Official routine: github:esp-idf/examples/peripherals/gpio/.
Official guidelines: GPIO & RTC GPIO , this chapter of the official guide has only a handful of English introductions, and then all API introductions.
Tutorial notes: Chapter 9 GPIO input key operation of ESP32 , RTC is not mentioned in the tutorial, nor are tasks and queues involved.

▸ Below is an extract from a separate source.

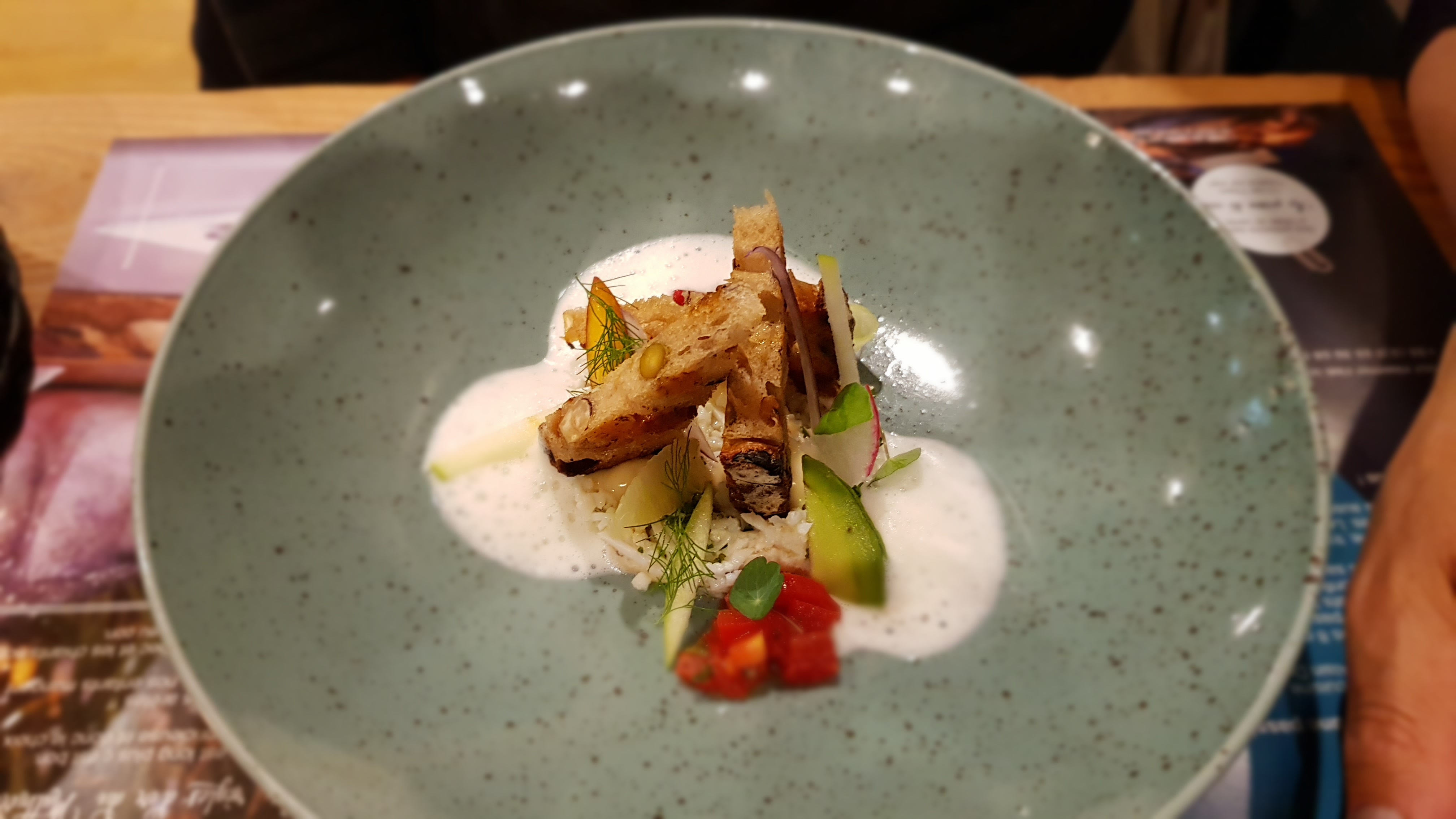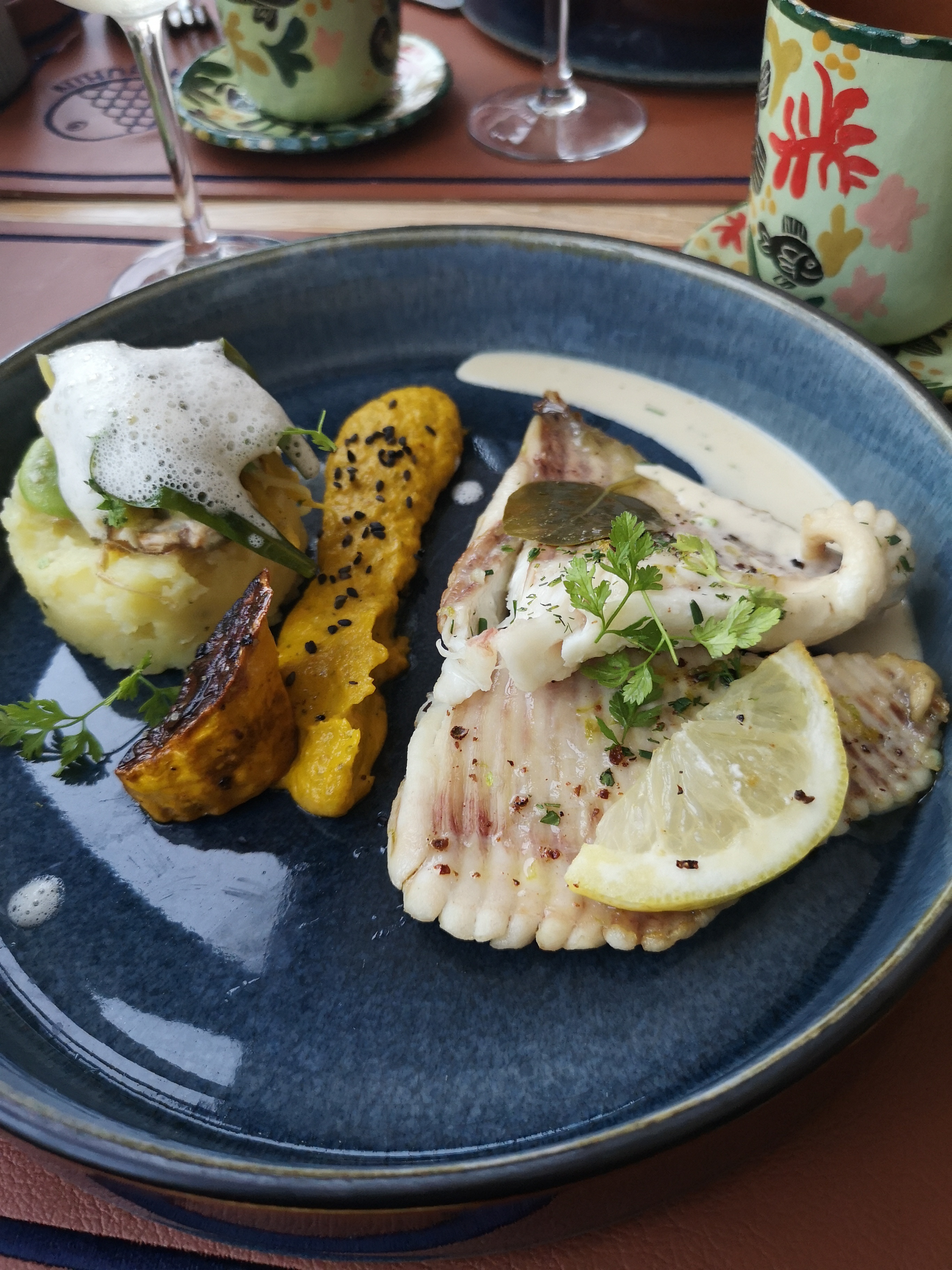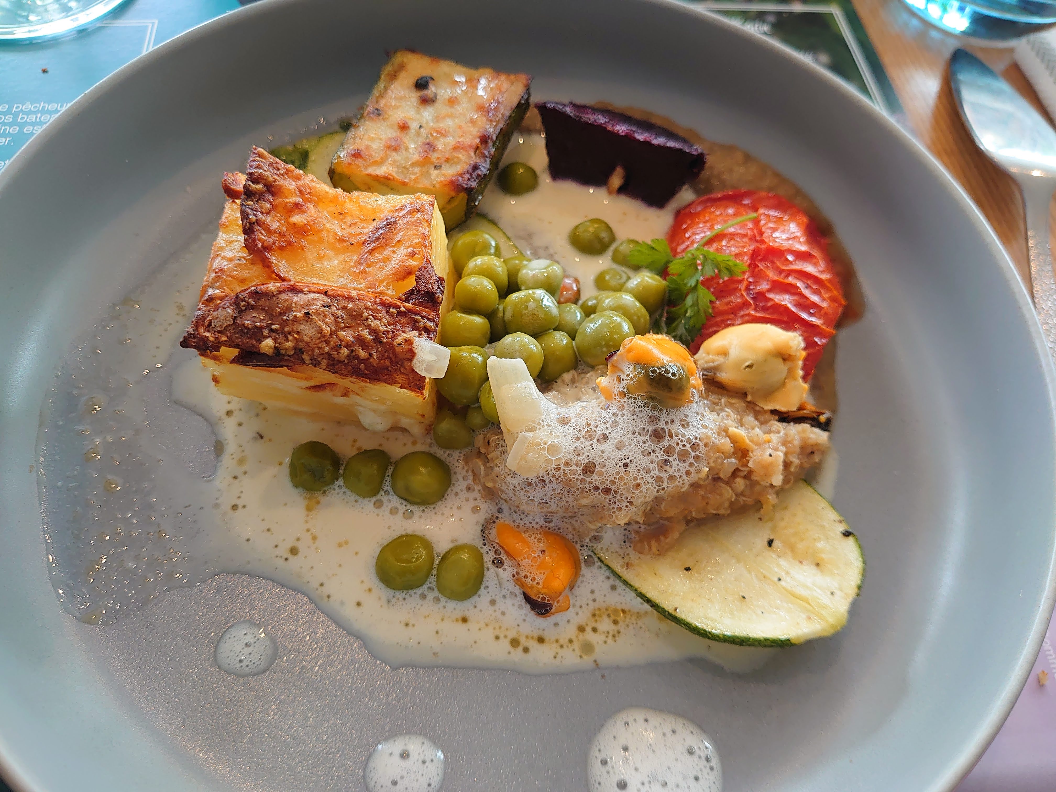 Délicieux, digne d'un restaurant étoilé au niveau de la nourriture, par contre sur 3 assiettes, 2 étaient ébréchées... dommage qu'un plat aussi beau et bon soit gâché par une assiette pas top
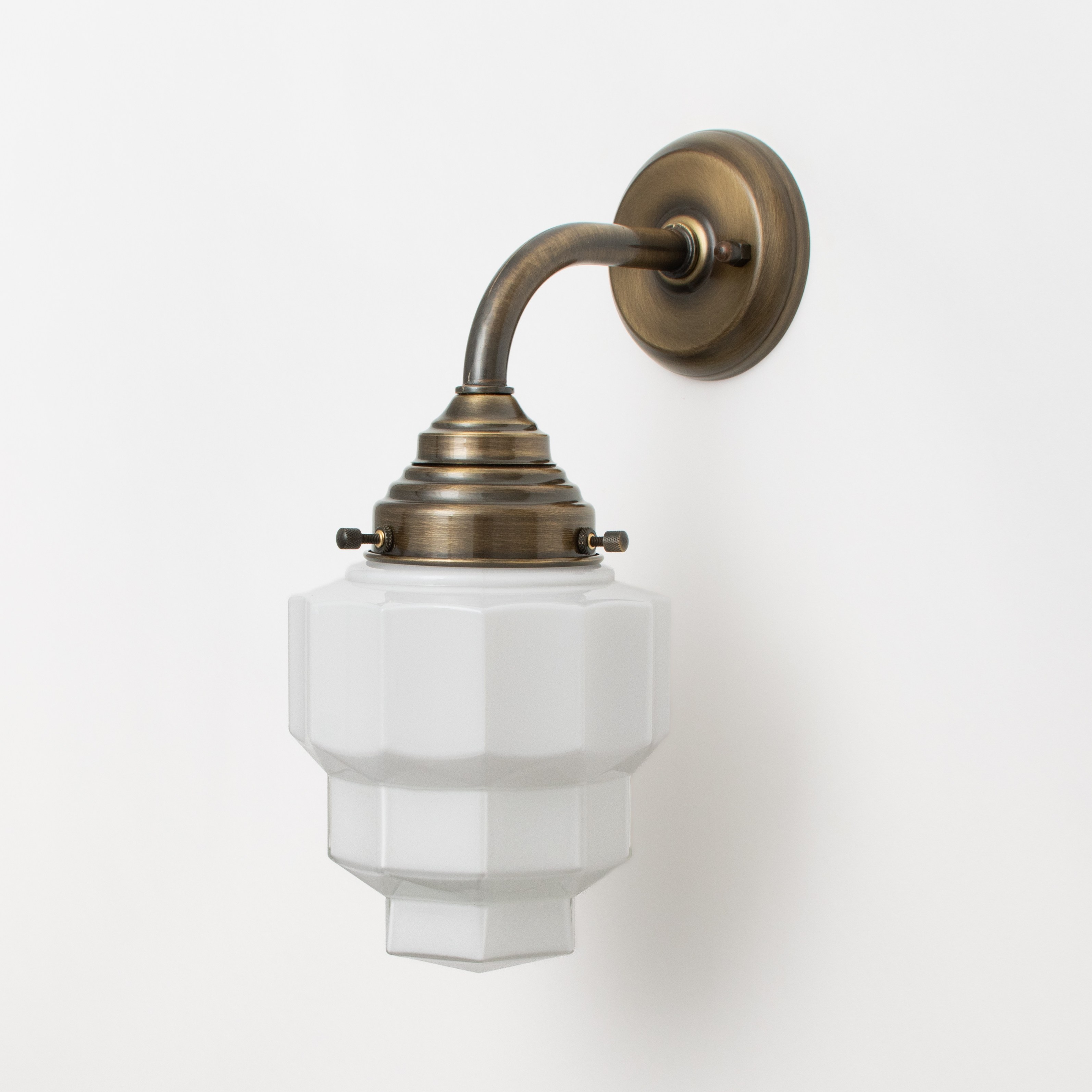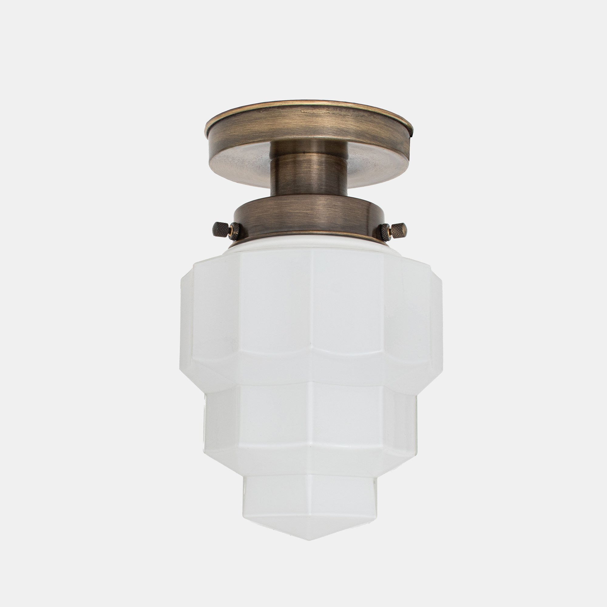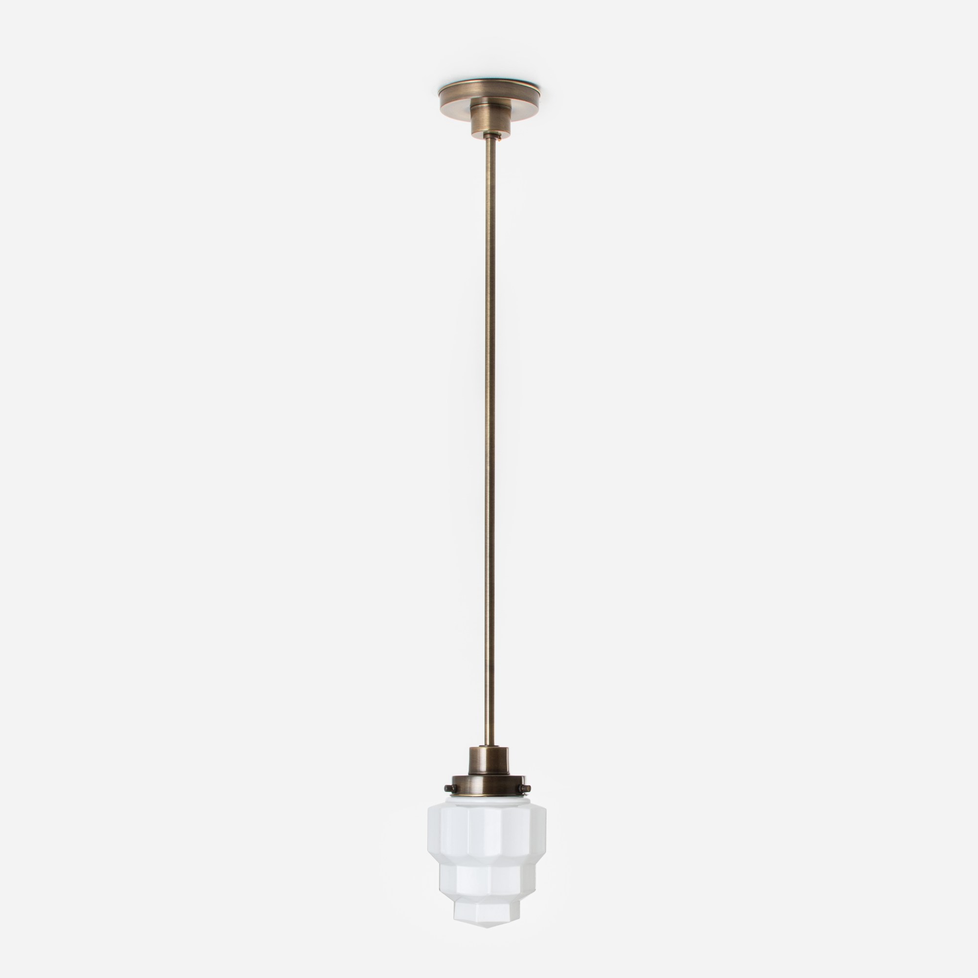 Spectaculaire abat-jour en verre Art Déco soufflé à la bouche. Les sols sont constitués de formes angulaires et géométriques. Verre blanc opale.

  • In terms of io configuration, the traditional structure GPIO is used_ config_ T + initialize gpio_config combination, you can open the declaration to view more enumeration / macro definition settings. At the same time, you can also select multiple pins at the same time. Remember to use shift conversion instead of directly losing decimal. Also, common changes
#define GPIO_OUTPUT_IO_0    5
#define GPIO_OUTPUT_IO_1    19

    gpio_config_t io_conf;
    //disable interrupt
    io_conf.intr_type = GPIO_PIN_INTR_DISABLE;
    //set as output mode
    io_conf.mode = GPIO_MODE_OUTPUT;
    //bit mask of the pins that you want to set,e.g.GPIO18/19
    io_conf.pin_bit_mask = GPIO_OUTPUT_PIN_SEL;
    //disable pull-down mode turns off the pull-down mode
    io_conf.pull_down_en = 0;
    //disable pull-up mode disables the pull-up mode
    io_conf.pull_up_en = 0;
    //configure GPIO with the given settings

    //Change gpio intrupt type for one pin
    gpio_set_intr_type(GPIO_INPUT_IO_0, GPIO_INTR_ANYEDGE);
  • It should be noted that there is no need to enable the sub clock under the bus. esp has only one series of pins. GPIOx is written in the manual. Unlike other microcontrollers, there are so many pins and prefixes.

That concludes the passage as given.